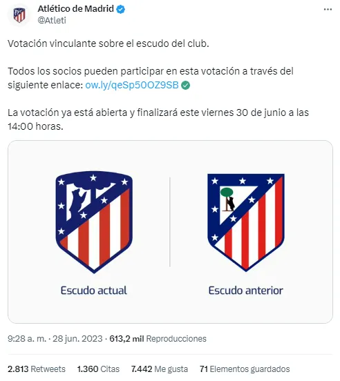 “En la última reunión de la Comisión Social, celebrada el jueves 22 de junio en el Cívitas Metropolitano, sus miembros propusieron la celebración de una consulta no vinculante para cuantificar el número de socios a los que les parecía conveniente que el club se plantease volver al anterior escudo” dice el club rojiblanco.
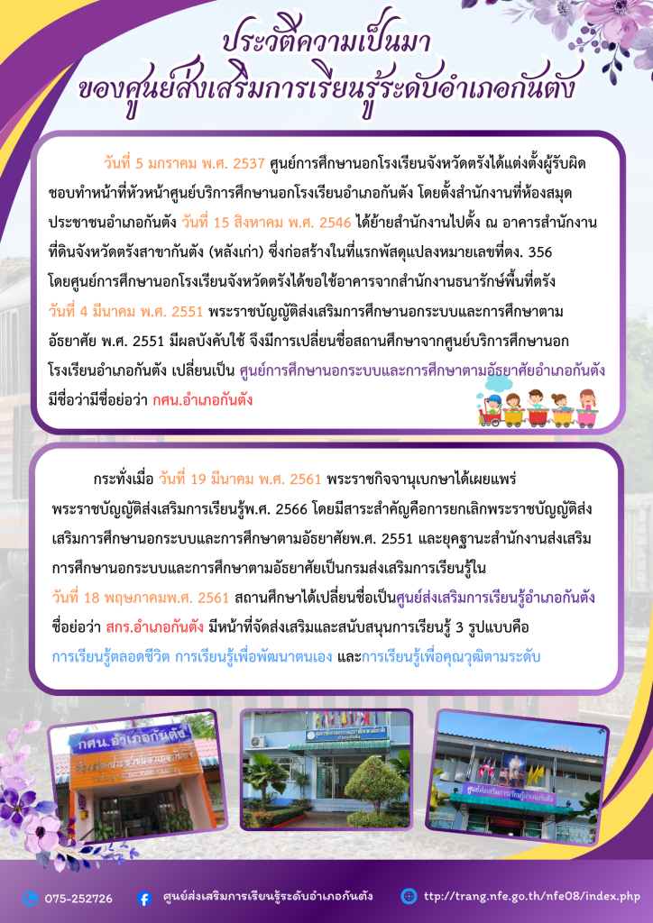 กรมส่งเสริมการเรียนรู้ สนง.สกร.ประจำจังหวัดตรัง สกร.ระดับอำเภอกันตัง หสม.อำเภอกันตัง Line OA 03 สกร.จังหวัดตรัง คลังภาพ YouTube
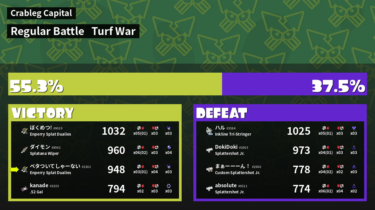 | Weapon | Enperry Splat Dualies ( Curling Bomb / Triple Splashdown) | ||
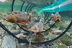 Most fishing done in recent years within the Lake District consists of hand lining techniques that are a traditional practice as well as rod and reel fishing. Catches have reportedly been lower among fisherman as populations continue to decline. Commercial fishing using nets was reported to have started as early as the late 17th century and was stopped due to concerns of population size in the early 20th century.[11]
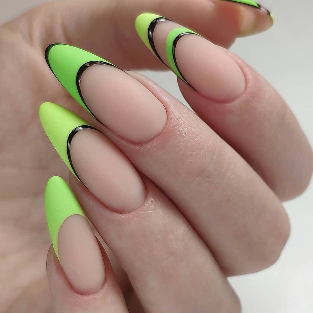 Мода последних сезонов в нейл арте — цветной французский маникюр. Улыбка может быть самых разных оттенков — ярких неоновых, черных, синих и зеленых. Ограничений нет. Еще один смелый вариант — сделать каемки на обеих руках разными. Для этой цели выбирают контрастные цвета лака или близкие.
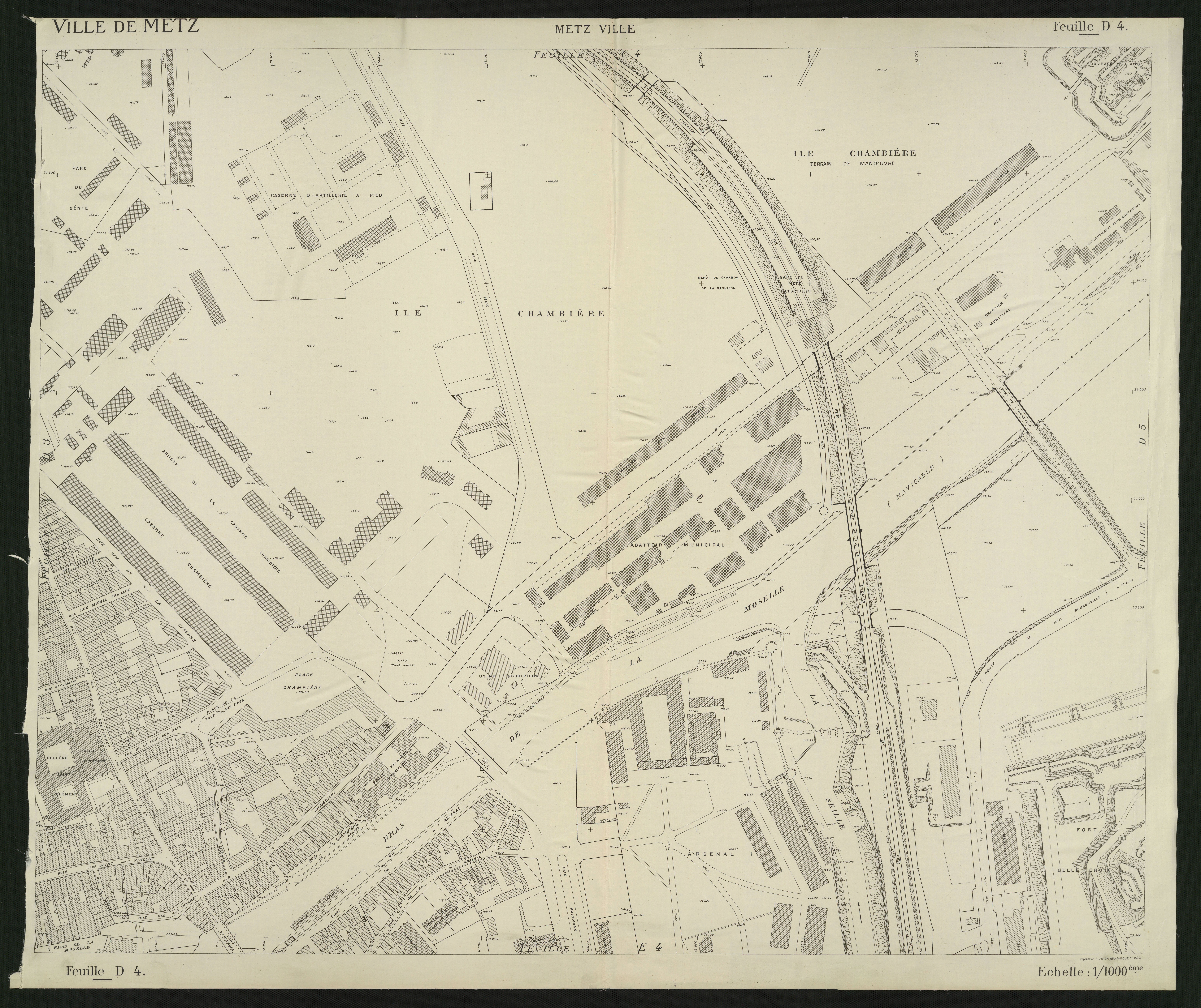 Plan cadastral de la ville de Metz montrant les quartiers du Pontiffroy et de l'île Chambière avec la gare de Metz-Chambière et l'abattoir municipal, dans les années 1930. Source : archives municipales de Metz / 9Fi3486.
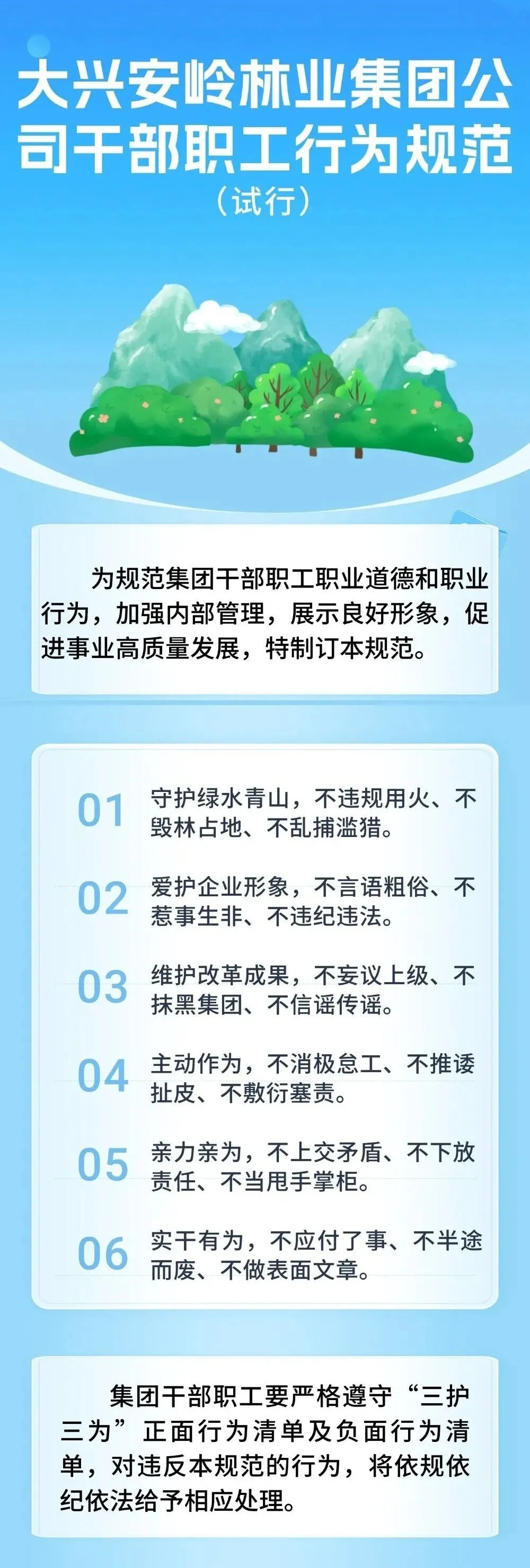 原标题:《大兴安岭林业集团公司干部职工行为规范(试行)》
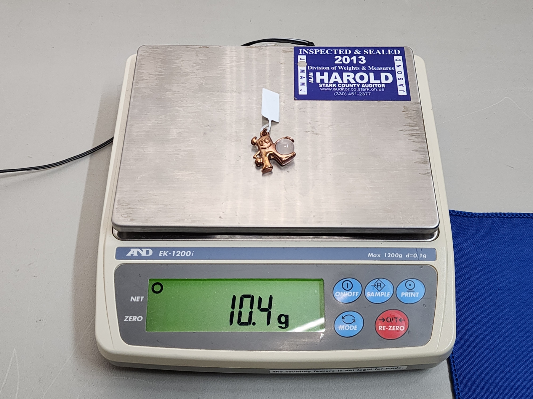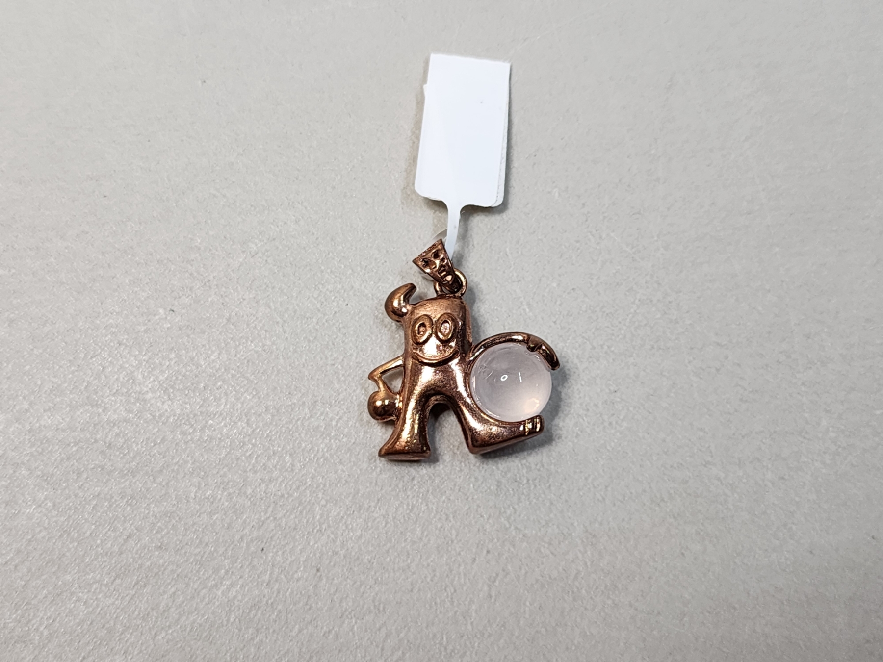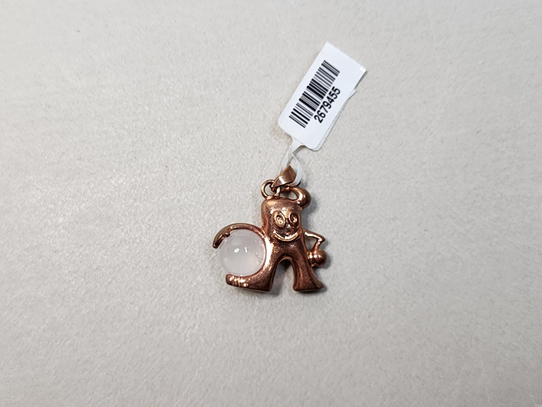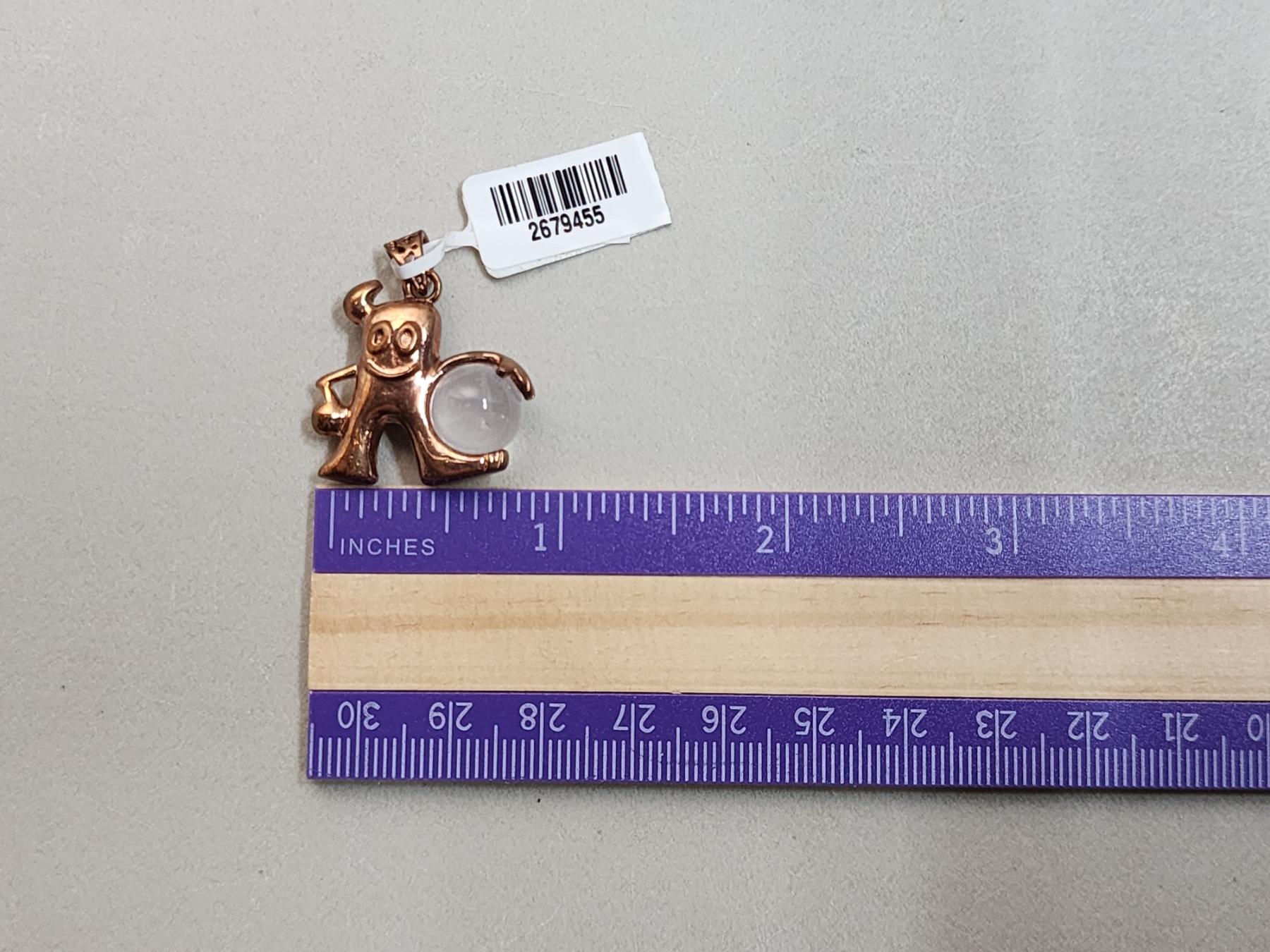 Copper-tone Metal Charm / Pendant with Light Pink Round Stone
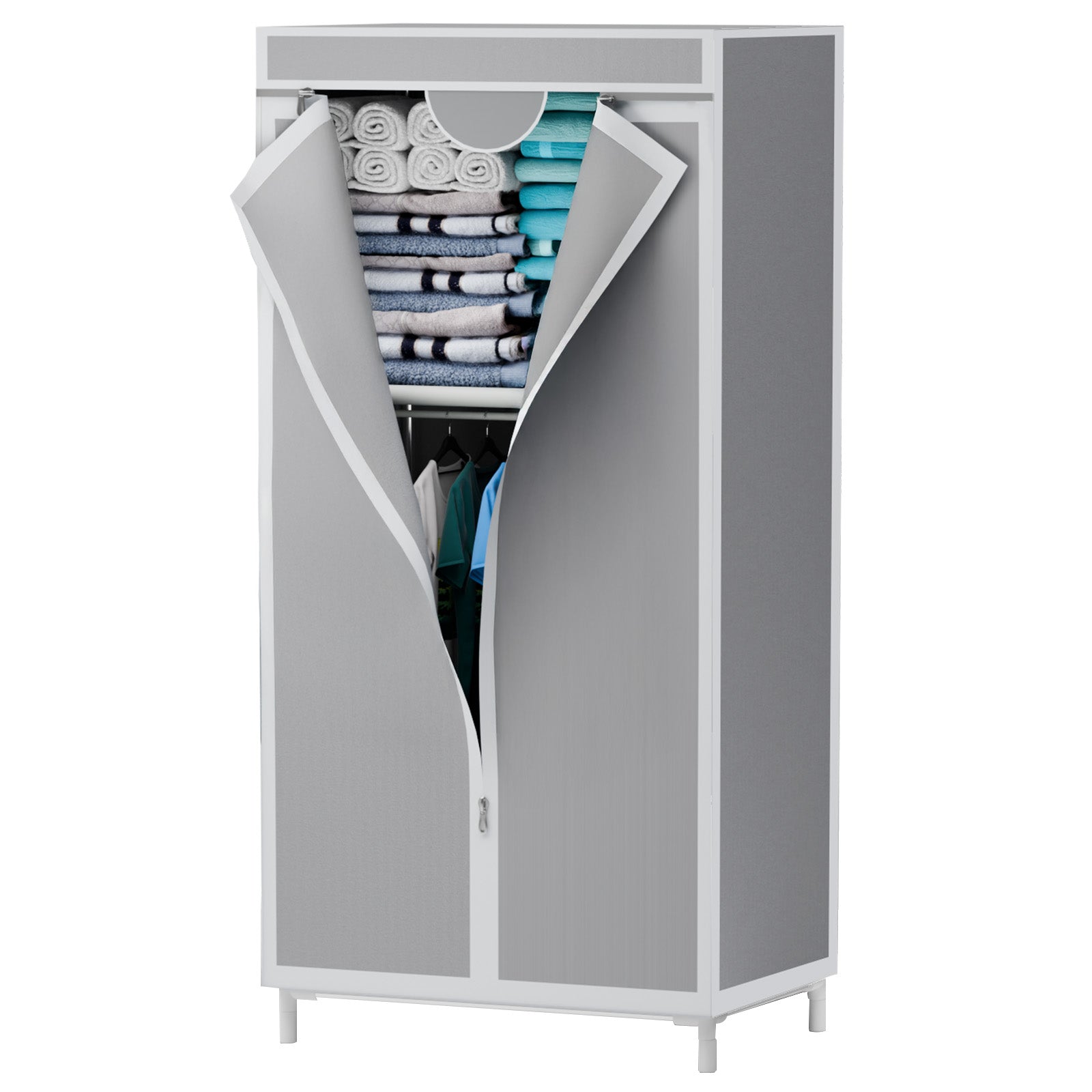Wardrobe Closet for Hanging Clothes, Bedroom Clothes Closet Storage Organizer, Fabric Wardrobe, Portable Closet with Hanging Rods, Gray
····················
All of the data above should be transcribed verbatim, with pictures omitted.

### The answer
 “En la última reunión de la Comisión Social, celebrada el jueves 22 de junio en el Cívitas Metropolitano, sus miembros propusieron la celebración de una consulta no vinculante para cuantificar el número de socios a los que les parecía conveniente que el club se plantease volver al anterior escudo” dice el club rojiblanco.
 กรมส่งเสริมการเรียนรู้ สนง.สกร.ประจำจังหวัดตรัง สกร.ระดับอำเภอกันตัง หสม.อำเภอกันตัง Line OA 03 สกร.จังหวัดตรัง คลังภาพ YouTube
 | Weapon | Enperry Splat Dualies ( Curling Bomb / Triple Splashdown) | ||
 Most fishing done in recent years within the Lake District consists of hand lining techniques that are a traditional practice as well as rod and reel fishing. Catches have reportedly been lower among fisherman as populations continue to decline. Commercial fishing using nets was reported to have started as early as the late 17th century and was stopped due to concerns of population size in the early 20th century.[11]
 Мода последних сезонов в нейл арте — цветной французский маникюр. Улыбка может быть самых разных оттенков — ярких неоновых, черных, синих и зеленых. Ограничений нет. Еще один смелый вариант — сделать каемки на обеих руках разными. Для этой цели выбирают контрастные цвета лака или близкие.
 Plan cadastral de la ville de Metz montrant les quartiers du Pontiffroy et de l'île Chambière avec la gare de Metz-Chambière et l'abattoir municipal, dans les années 1930. Source : archives municipales de Metz / 9Fi3486.
 原标题:《大兴安岭林业集团公司干部职工行为规范(试行)》
 Copper-tone Metal Charm / Pendant with Light Pink Round Stone
Wardrobe Closet for Hanging Clothes, Bedroom Clothes Closet Storage Organizer, Fabric Wardrobe, Portable Closet with Hanging Rods, Gray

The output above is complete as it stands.